| PROBLEM DETAILS |
Repeat the following entries exactly, excluding pictures.

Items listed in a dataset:
============

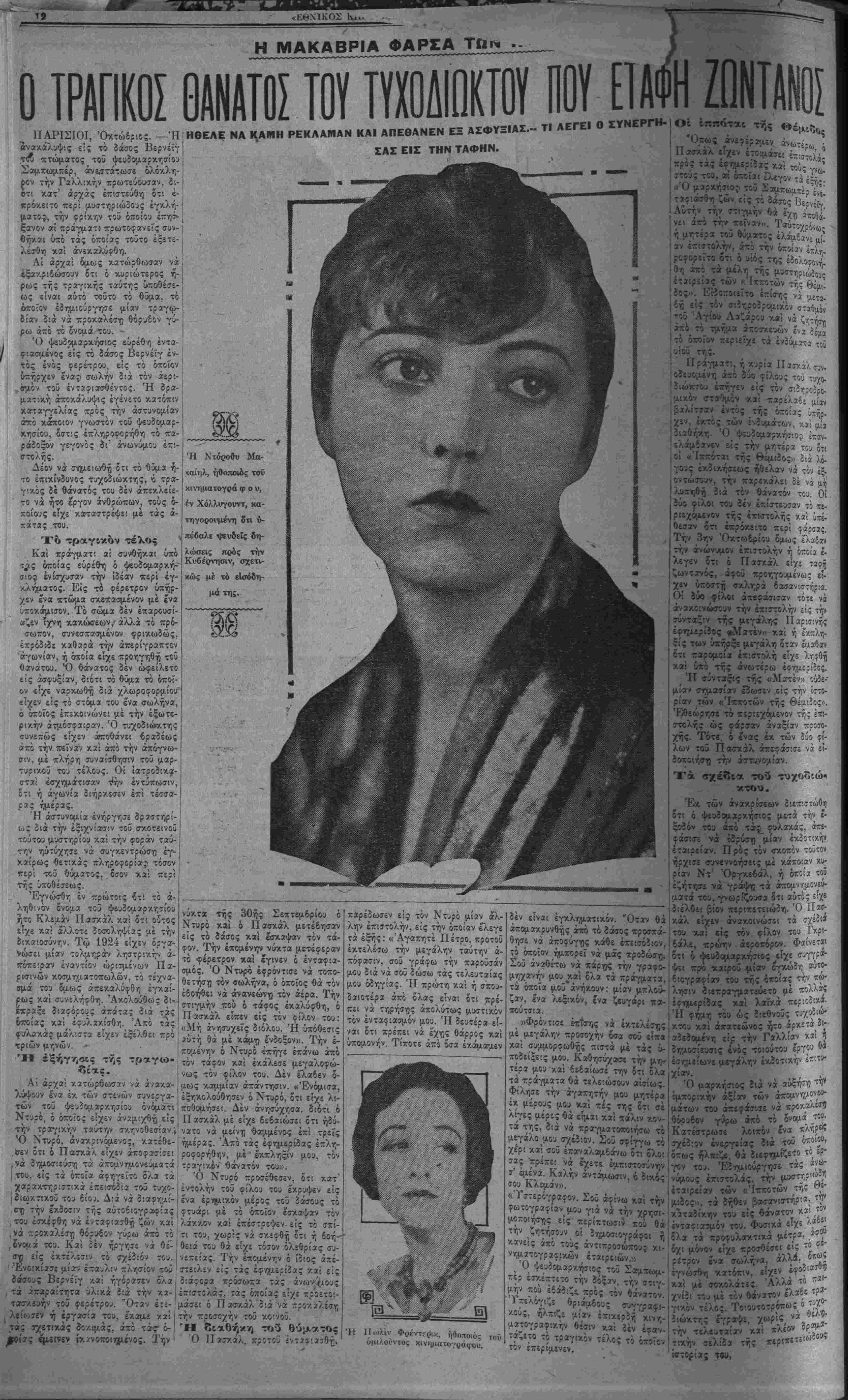 <ίΐ/.ο, απέθανε μ έτό μειδίαμα είς τα νείλη της, άν καί ή καρδιά της 6αί(ος Ι'κλαιε διά την σκληρότη- , τοΰ πράγματος. Ηκολούθησε τα δήματα τοΰ Μπροντγουαίη, τα Ι ο-τοΐα ήσαν πολύ γρήγορα διά την Ι "-ιδίαν της. Απέθανεν ώς κάλυξ Ιοοδου υπό την πνοήν τοΰ βορρά. Το Μπροντγουαίη άφαιρεΐ μέγα Ι"|ν ζωτικότητα άπό τάς ευνοουμέ- |να? του·- Άιαιτεΐ όπως χορεύουν Ιναι τραγονδοϋν καί γελοΰν καί χει- |οον0μοϋν άπαύστως καθ' δλην την ■«Μνείαν τοϋ θέρους, δταν πολλά ■'-α πρόσωπα περνοΰν τόν και- >ν των είς τάς παραλίας ή τα ό-
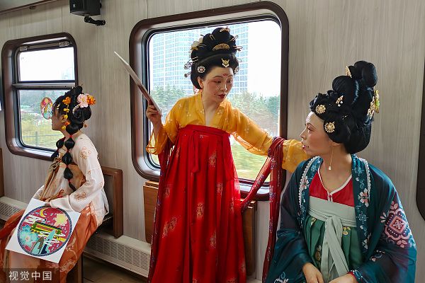 在车厢内,旅客不仅可以看到精心复原的汉服、甲胄,还可以亲身体验换装,“穿越变身”为汉唐的美女、帅哥,让整趟旅程充满了时空交错的新奇感。
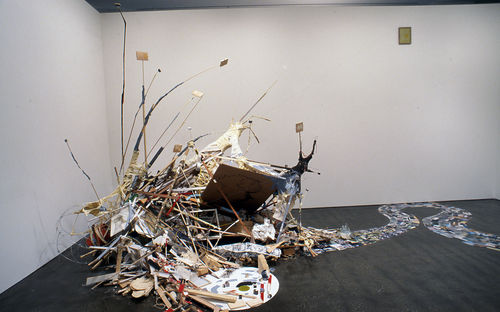 Using personal material such as snapshots, drawings, broken bits of wood, ash trays, string, paper, and shoes accumulated from his own life, Eric Schnell has built a sculpture in the form of a boat whose cargo is his own fears, yearnings, internal conflicts, and desires. Schnell's poetic juxtapositions of form and formlessness, the pragmatic and the useless, provide visual metaphors for the evolution of the self as a fractured entity struggling for wholeness. Says exhibition curator James Elaine, "In Schnell's sculpture we see the central object and its surrounding materials...like a nervous system carefully removed and laid out for observation, acting in concert as one."
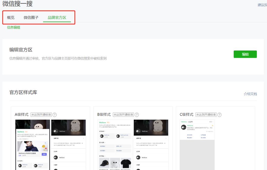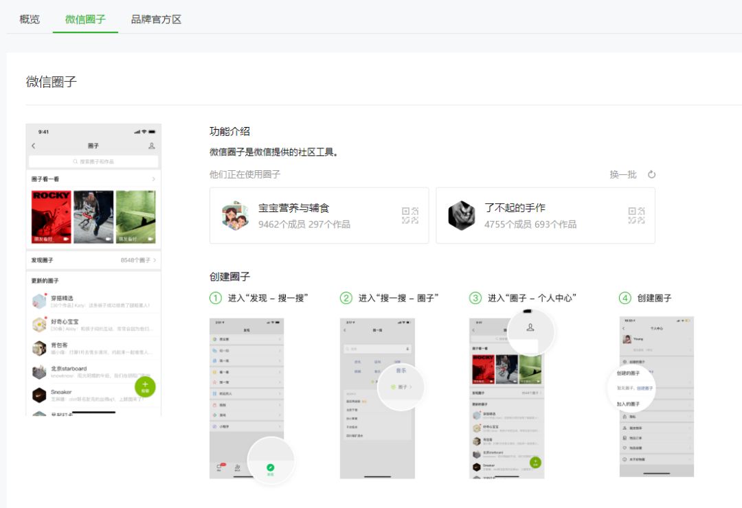 这一点,看一看「微信圈子」在公众号后台的位置就知道了。「微信圈子」左边是搜一搜概览,右边是「品牌官方区」,这两个按钮里都有实际的功能承载,在这些页面里,公众号运营者不仅能看到功能介绍,还能直接开通功能、自定义展示。
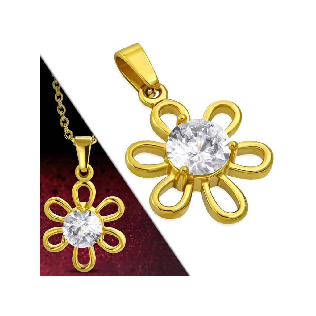 Krásny prívesok kvet z chirurgickej ocele v zlatom prevedení. Prívesok je v tvare kvetinky, v strede ktorej je očko čírej farby. Prívesok pôsobí sviežo a nežne a je vhodný pre všetky vekové kategórie žien. Výborne sa dá zladiť s inými doplnkami zlatej farby. Dlhú živostnosť šperku zaručuje chirurgická oceľ, z ktorej sú prívesok aj retiazka vyrobené. Je antialergická a nepotrebuje žiadnu špeciálnu starostlivosť. Pri tomto produkte si môžete zvoliť Vami požadovanú dĺžku retiazky.

============

| THE COMPLETED TASK |
 <ίΐ/.ο, απέθανε μ έτό μειδίαμα είς τα νείλη της, άν καί ή καρδιά της 6αί(ος Ι'κλαιε διά την σκληρότη- , τοΰ πράγματος. Ηκολούθησε τα δήματα τοΰ Μπροντγουαίη, τα Ι ο-τοΐα ήσαν πολύ γρήγορα διά την Ι "-ιδίαν της. Απέθανεν ώς κάλυξ Ιοοδου υπό την πνοήν τοΰ βορρά. Το Μπροντγουαίη άφαιρεΐ μέγα Ι"|ν ζωτικότητα άπό τάς ευνοουμέ- |να? του·- Άιαιτεΐ όπως χορεύουν Ιναι τραγονδοϋν καί γελοΰν καί χει- |οον0μοϋν άπαύστως καθ' δλην την ■«Μνείαν τοϋ θέρους, δταν πολλά ■'-α πρόσωπα περνοΰν τόν και- >ν των είς τάς παραλίας ή τα ό-
 在车厢内,旅客不仅可以看到精心复原的汉服、甲胄,还可以亲身体验换装,“穿越变身”为汉唐的美女、帅哥,让整趟旅程充满了时空交错的新奇感。
 Using personal material such as snapshots, drawings, broken bits of wood, ash trays, string, paper, and shoes accumulated from his own life, Eric Schnell has built a sculpture in the form of a boat whose cargo is his own fears, yearnings, internal conflicts, and desires. Schnell's poetic juxtapositions of form and formlessness, the pragmatic and the useless, provide visual metaphors for the evolution of the self as a fractured entity struggling for wholeness. Says exhibition curator James Elaine, "In Schnell's sculpture we see the central object and its surrounding materials...like a nervous system carefully removed and laid out for observation, acting in concert as one."
 这一点,看一看「微信圈子」在公众号后台的位置就知道了。「微信圈子」左边是搜一搜概览,右边是「品牌官方区」,这两个按钮里都有实际的功能承载,在这些页面里,公众号运营者不仅能看到功能介绍,还能直接开通功能、自定义展示。
 Krásny prívesok kvet z chirurgickej ocele v zlatom prevedení. Prívesok je v tvare kvetinky, v strede ktorej je očko čírej farby. Prívesok pôsobí sviežo a nežne a je vhodný pre všetky vekové kategórie žien. Výborne sa dá zladiť s inými doplnkami zlatej farby. Dlhú živostnosť šperku zaručuje chirurgická oceľ, z ktorej sú prívesok aj retiazka vyrobené. Je antialergická a nepotrebuje žiadnu špeciálnu starostlivosť. Pri tomto produkte si môžete zvoliť Vami požadovanú dĺžku retiazky.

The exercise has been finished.